Students having access to technology is, of course, the first step in creating a thriving edtech ecosystem. However, once technology becomes readily available, teachers must create their own landscape in which students are free to explore, create and grow.
Ecosystems, as a rule, are unique and yet susceptible to change. A teacher looking to build an edtech ecosystem in their classroom has the distinct role of creating a landscape that will nurture each individual students with maximum success. In this day and age, the raw materials available to edtech focused teachers are extensive and can be cherry-picked to suit the needs of their classrooms.
Start From The Ground Up
A classroom is essentially a place where the sharing of information can take place. Typically, it is the teacher who provides the information which is then distributed to the students. This exchange is still the foundation on which an edtech ecosystem is built. A teacher looking to build an edtech ecosystem from the ground up needs a reliable source of sharing information. Google Drive, iCloud and Dropbox are all sharing services available for teachers to use as the groundwork for their edtech ecosystem.

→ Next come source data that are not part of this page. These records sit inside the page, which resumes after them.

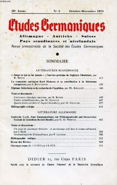 ETUDES GERMANIQUES, 28e ANNEE, N� 112, OCT.-DEC. 1973, ALLEMAGNE, AUTRICHE, SUISSE, PAYS SCANDINAVES ET NEERLANDAIS (Sommaire: �Aimer ce qui ne fut jamais� : l�univers po�tique de Sigbj�rn Obstfelder, par R. Boyer. Le romancier norv�gien Knut Hamsun.)
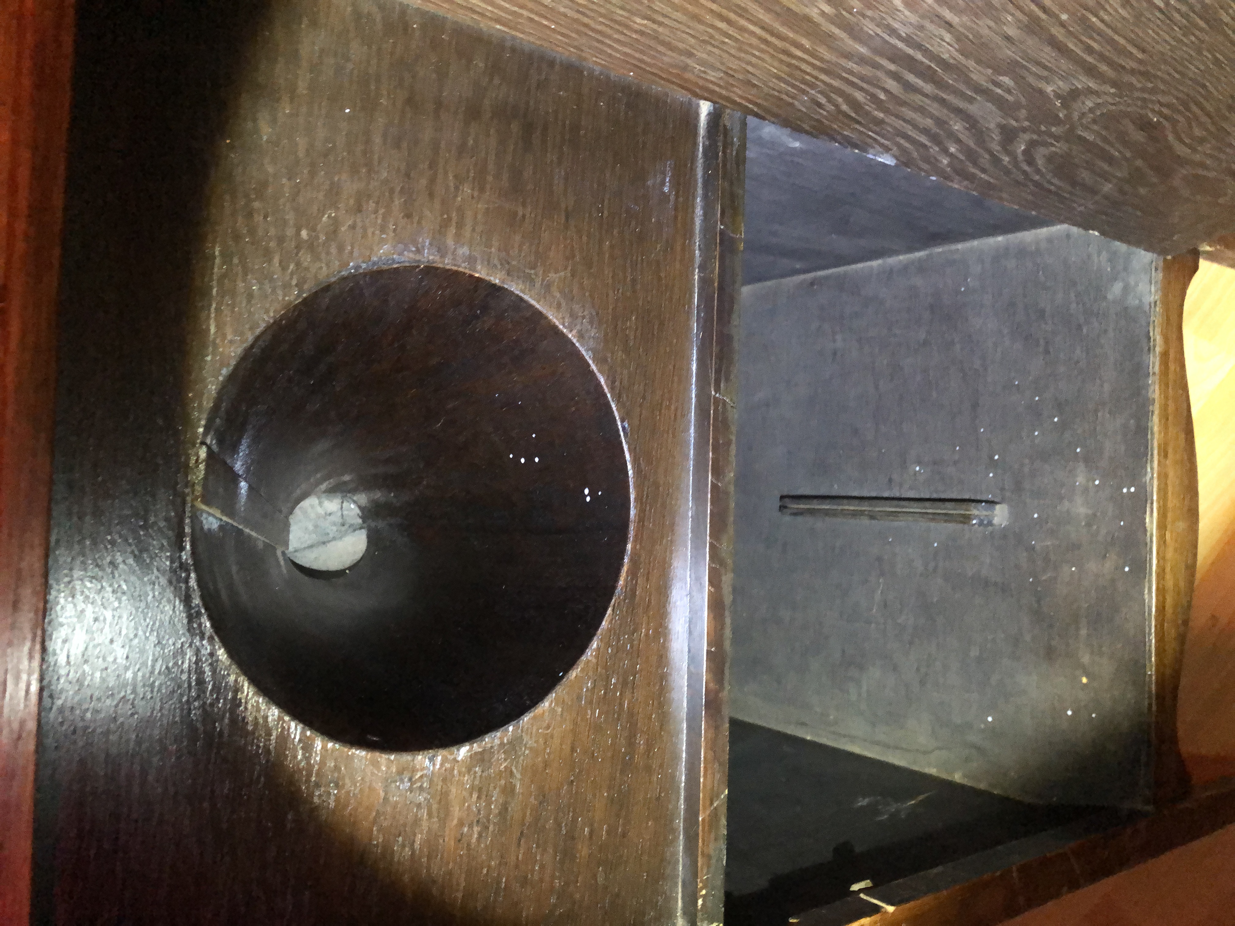 At some point it has lost the oval frame around the funnel and the speaker cloth looks like it was cut out of some girls knickers, I will be replacing it with something more appropriate.
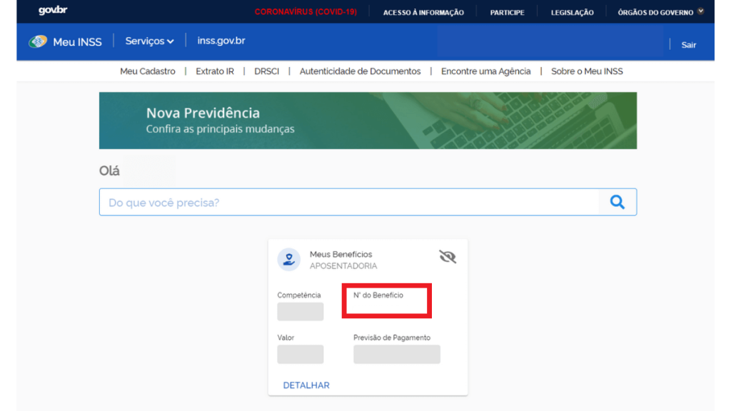Na tela inicial, aparecerá o nome do benefício e o número correspondente.
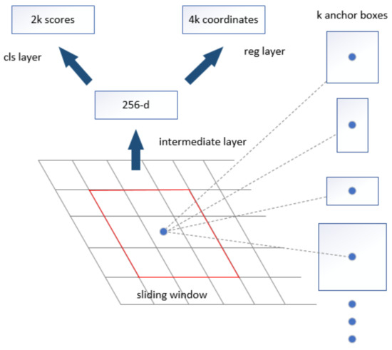 Region Proposal Network [25,26] takes an image of arbitrary size as input, and outputs a set of rectangle proposal boxes, where each box has an object score. To generate regional proposals, a small network, which takes an n × n spatial window of a convolutional feature map as input, was moved on the convolutional map of the last shared convolutional output. A 3 × 3 sliding window was selected for convolution mapping and generated a 512-dimensional feature vector. Figure 3 shows the architecture of the Region Proposal Network used in this work. At the location of each sliding window, multiple regional proposals were generated on the current sliding window and corresponded to various scales and aspect ratios. Here three scales and three aspect ratios were used, which resulted in k = 9 regional proposals for each slide location. The proposals are also called anchors. The regional proposals were then input into two full-connected layers—the bounding box regression layer (reg) and the bounding box classification layer (cls).
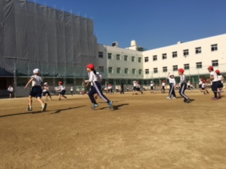 2年生の体育の様子です。鬼ごっこで運動場を元気いっぱい走り回る姿や、ボール運動を楽しむ姿が見られました。

By choosing and sticking to a sharing service that the whole class is connected to, both teachers and students can easily share and transfer information and resources. They provide organizational tools that allow the class to categorize, archive and share their work as individuals or as a team. This allows all students easy access to their work at all times.
Sow The Seeds of Creation
Now that students have a foundation upon which to build, they need tools that will allow them to create within their edtech ecosystem.
Content creation tools fall into two categories: single-use tools and open-ended tools. While single-use creation tools often only require students to learn one skill which is time efficient, they are also restrictive in the sense that the creative outcome is already determined by the specificity of the tool. This can be a good thing. When you plant seed potatoes, you expect to yield potatoes. And having a field full of potatoes makes sure that no one goes hungry. Yet variety is the spice of life and to create variety and innovation in your edtech ecosystem, you need a handful of different seeds that your students can pick and choose to suit their own preferences.

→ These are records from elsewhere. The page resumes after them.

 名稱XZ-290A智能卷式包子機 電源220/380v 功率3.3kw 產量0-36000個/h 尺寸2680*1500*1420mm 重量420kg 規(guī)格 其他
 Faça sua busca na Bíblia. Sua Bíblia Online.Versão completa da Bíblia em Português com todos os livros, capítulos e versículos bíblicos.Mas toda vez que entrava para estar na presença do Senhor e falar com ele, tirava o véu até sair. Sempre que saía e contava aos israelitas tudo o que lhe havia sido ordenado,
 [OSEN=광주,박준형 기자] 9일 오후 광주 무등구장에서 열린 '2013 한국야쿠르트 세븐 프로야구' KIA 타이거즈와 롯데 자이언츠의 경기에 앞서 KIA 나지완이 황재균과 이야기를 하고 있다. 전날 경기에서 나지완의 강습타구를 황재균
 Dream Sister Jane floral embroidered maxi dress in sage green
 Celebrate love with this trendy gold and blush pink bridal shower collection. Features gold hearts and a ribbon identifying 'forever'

Open-ended creation tools are the key to producing a variety of work within your edtech classroom. Allowing students the freedom to curate, create and present ideas in their own way results in a more vibrant classroom. There are many content creation apps that support a range of multimedia. From writing, editing, creating visual content such as infographics or data presentation, video and audio, the right tool can open up a student’s imagination. Evernote, Canva, Explain Everything and ThingLink are all great tools that will let students run wild with their content creation.
Connection Creates Community
Interconnectivity is the backbone to many thriving ecosystems. Communication in an edtech ecosystem is also of utmost importance. Edtech tools are a fantastic way for students to connect with each other, as well as their broader community, both in and out of the classroom. Through services such as Google Apps for Education, both teacher and students can stay connected through Classroom. This creates a space where all members of the ecosystem can stay up-to-date with news and announcements, important information or interesting content. Students can create a virtual working space for team projects with Hangout, and the result of that work can then be published.

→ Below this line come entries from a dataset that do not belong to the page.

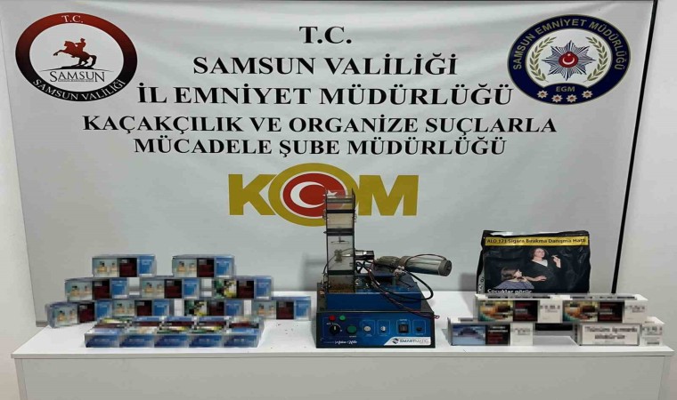 Edinilen bilgiye göre, Samsun Emniyet Müdürlüğü Kaçakçılık ve Organize Suçlarla Mücadele (KOM) Şube Müdürlüğü ekipleri, il genelinde sağlıksız ortamlarda yasadışı makaron sigara üretimi yapan şahıslara yönelik çalışma yaptı. KOM polisi, 2 şahsın İlkadım ve Atakum ilçelerinde apartman içerisindeki iki evde kurmuş oldukları seri üretim yapan elektrikli ve kompresörlü makinalar ile doldurulmuş makaron sigara üreterek tütüncü olarak bilinen işyerlerine toptan sattıkları tespit etti. Tespit edilen adreslerde şahıslar suçüstü yakalandı. Evlerde yapılan aramalarda; 3 bin 200 adet doldurulmuş makaron sigara, 2 bin 600 adet bandrolsüz boş makaron, 2 adet elektrikli sigara sarma makinesi 2 adet kompresör, 1 kilo açık kıyılmış tütün ele geçirildi.
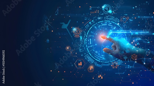 Obraz premium Hand touching a digital screen with icons of technology and online network connection, cloud storage, or security system on a dark blue background
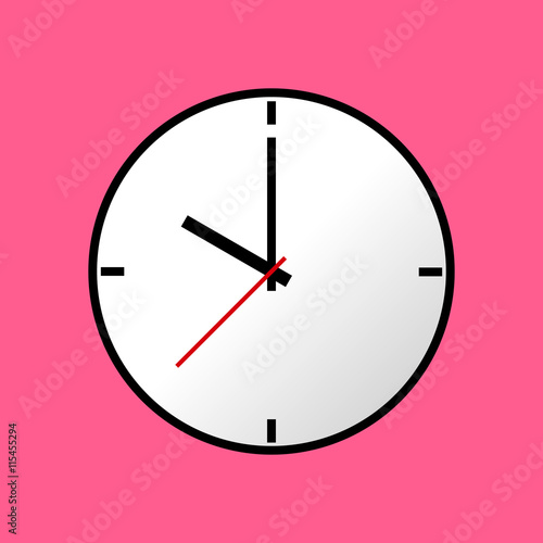 Clock icon, Vector illustration, flat design. Easy to use and edit. EPS10. Pink background.

Keeping your edtech ecosystem connected will mean that all members of the ecosystem are supported and encouraged, no matter where they are. Connecting your edtech ecosystem with others is also a fantastic way to encourage growth. Your students can create and publish content to a personal or group blog that is then available to a wider audience, they can work in conjunction with other classes or for other classes: students can create content such as podcasts or infographics that can aid students in lower grades. This creates a larger sense of community and purpose for your students while actively engaging in their studies.
Maintaining your Ecosystem
It’s true that creating an edtech ecosystem in your classroom shifts the power from teacher to students. Students can now take control of their own learning, their own growth, and their own goals. However, the teacher’s new role is one of the gardener, if you will. Careful observance of the edtech tools used in the classroom is needed to make sure that they work for you and your students. As your students develop their ideas, their needs may change. Light weeding may be needed to uproot edtech tools that have lost their value and introduce new tools that will help your students to take their learning to the next level. While the students are the busy workers in this community, the teacher maintains harmony within the edtech ecosystem.